O que fazes antes dos jogos?
"Sou supersticioso, mas cada vez menos. Na viagem do Seixal para o Estádio da Luz ouço música, mas quando chegamos ao balneário temos já um DJ estabelecido, que é o Otamendi. A música dele é muito boa. Faz-te entrar no mood do jogo. Normalmente, quando chego, por respeito ao capitão, ouço a música dele."
Dizes alguma coisa?
"Falo sempre. É importante, por ser dos mais velhos, por ter um papel importante, falar. Todos os jogos, ao intervalo, ou no início do jogo, antes do aquecimento, gosto de dar uma palavra à equipa. É importante pelo cargo que tenho, como subcapitão, e pela experiência. É fundamental numa equipa de futebol existirem líderes."
Gostas de ajudar os mais novos quando chegam ao plantel?
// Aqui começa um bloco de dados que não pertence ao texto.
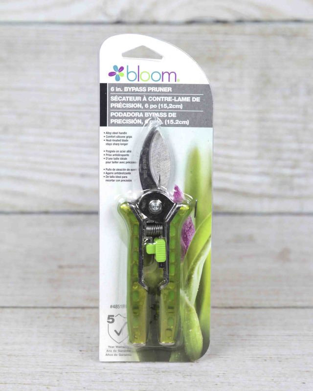 The Bond Bloom Bypass Pruner is a precision tool designed for clean and efficient pruning of small branches and stems. Its bypass design, where two sharp blades slide past each other, ensures a clean cut that minimizes damage to the plant. It features an alloy steel handle, comfortable silicone grips, and a heat-treated blade that stays sharp longer.

"No meu caso, já tenho 30 anos, já posso ajudar os novos jogadores do Seixal ou os que chegam a Portugal. São cada vez mais novos a chegar. Há jogadores com 16 ou 17 anos que vêm treinar connosco. Sinto que posso ajuda-los, já vivi fora, tive esse impacto de ter de me adaptar a uma nova realidade. Tento quebrar esse gelo."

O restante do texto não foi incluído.